A striking characteristic of the human acute and chronic leukemias is the finding that they are the result of nonrandom, somatically acquired chromosomal translocations. The long-term goal of our research is to determine if there is a common mechanism involved in the generation of chromosomal translocations. As a biological model, we are using the RUNX1 gene, which encodes an important hematopoietic transcription factor and is the most frequent target of chromosomal translocations in acute myeloid leukemia (AMI). The RUNX1 gene is located on chromosome 21, and interestingly, for both the (8; 21) and (16; 21) AML-related translocations, all the genomic breakpoints are found in intron 5. Therefore, a key question is what are the factors that predispose the RUNX1 gene to be involved in chromosomal translocations? Our working hypothesis is that the chromatin structure present at the breakpoint regions is determinant for the t(8;21) translocation. Moreover, we hypothesize that the sub-nuclear localization of a gene may be determinant both of the gene susceptibility to dsDNA breaks and in the selection of the partner gene when a translocation is generated. A detailed comparison between the structural characteristics of chromatin and the nuclear positioning of the RUNX1, ETO and the recombinant AML/ETO locus will allow us to identify the presence of common features that may account for the increased accessibility observed at the breakpoint regions. The proposed experiments based on our preliminary data will combine the expertise of the collaborating laboratories to investigate the cis and trans acting factors that can be determinants of the RUNX1 locus recombination frequency. The focus of the parent grant is the interrelationship between chromatin organization, nuclear compartmentalization of Runx factors, and gene expression. In this FIRCA proposal, we extend the scope of these studies to address the relationship between Runx regulatory factors, nuclear localization, and susceptibility to chromosomal translocations. This research will be done primarily in Chile at the Universidad de Concepcion in collaboration with Soraya Gutierrez, as an extension of NIH grant 5P01 AR48818, projects.

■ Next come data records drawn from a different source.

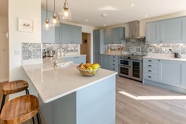 There are five charming bedrooms and four bathrooms, across two floors, plus a cosy snug. A wood burner adds a cosy touch to the bright and spacious lounge and there’s an impressive kitchen/diner.
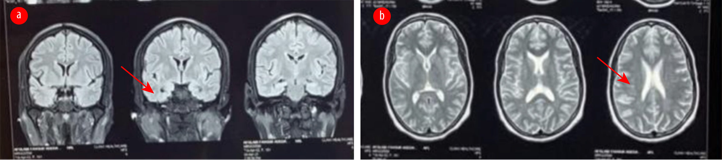 Figure 1: MRI of the brain show (a) normal mesial temporal lobe (arrow) in the fluid attenuated inversion recovery coronal image, and (b) few sub-cortical white matter hyperintensities (arrow) in the T2-weighted sequence.
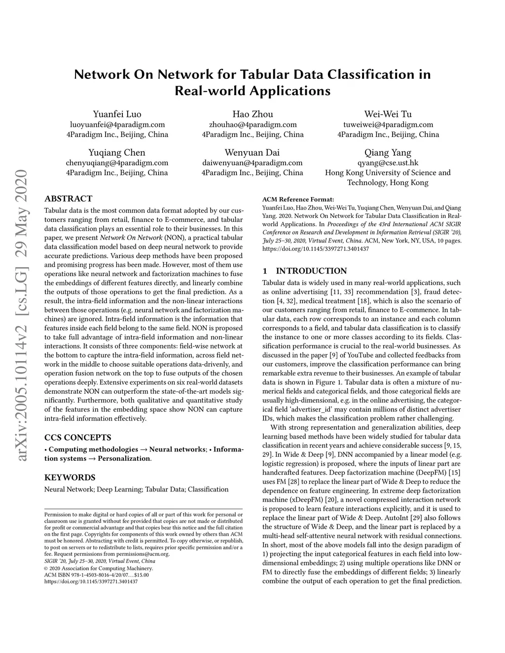 Tabular data is the most common data format adopted by our customers ranging from retail, finance to E-commerce, and tabular data classification plays an essential role to their businesses. In this paper, we present Network On Network (NON), a practical tabular data classification model based on deep neural network to provide accurate predictions. Various deep methods have been proposed and promising progress has been made. However, most of them use operations like neural network and factorization machines to fuse the embeddings of different features directly, and linearly combine the outputs of those operations to get the final prediction. As a result, the intra-field information and the non-linear interactions between those operations (e.g. neural network and factorization machines) are ignored. Intra-field information is the information that features inside each field belong to the same field. NON is proposed to take full advantage of intra-field information and non-linear interactions. It consists of three components: field-wise network at the bottom to capture the intra-field information, across field network in the middle to choose suitable operations data-drivenly, and operation fusion network on the top to fuse outputs of the chosen operations deeply. Extensive experiments on six real-world datasets demonstrate NON can outperform the state-of-the-art models significantly. Furthermore, both qualitative and quantitative study of the features in the embedding space show NON can capture intra-field information effectively.

人类急性和慢性白血病的一个显著特征是发现它们是由 非随机的体细胞获得性染色体易位。我们研究的长期目标是 确定染色体易位的产生是否有共同的机制。作为一名 生物模型，我们使用的是RUNX1基因，它编码一种重要的造血转录 是急性髓系白血病(AMI)最常见的染色体易位靶点。这个 RUNX1基因位于21号染色体上，有趣的是，与(8；21)和(16；21)AML相关的 易位，所有的基因组断裂点都在内含子5中被发现。因此，一个关键的问题是什么是 使RUNX1基因参与染色体易位的因素？我们的工作 假设存在于断点区的染色质结构是t(8；21)的决定因素。 易位。此外，我们假设基因的亚核定位可能是决定性的。 对dsDNA断裂的易感性和易位时伴侣基因的选择 是生成的。染色质与细胞核结构特征的详细比较 定位RUNX1、ETO和重组的AML/ETO基因座将使我们能够识别 可以解释在断点区域观察到的可访问性增加的共同特征。这个 根据我们的初步数据提出的实验将结合合作的专业知识 实验室研究可作为RUNX1基因座决定因素的顺式和反式作用因素 重组频率。母基金的重点是染色质之间的相互关系。 组织、RUNX因子的核区划和基因表达。在FIRCA的这份提案中， 我们扩大了这些研究的范围，以解决RUNX调控因素、核 定位和对染色体易位的易感性。这项研究将主要在智利进行，时间为 康塞普西翁大学与索拉亚·古铁雷斯合作，作为NIH赠款5P01的延伸 AR48818，项目。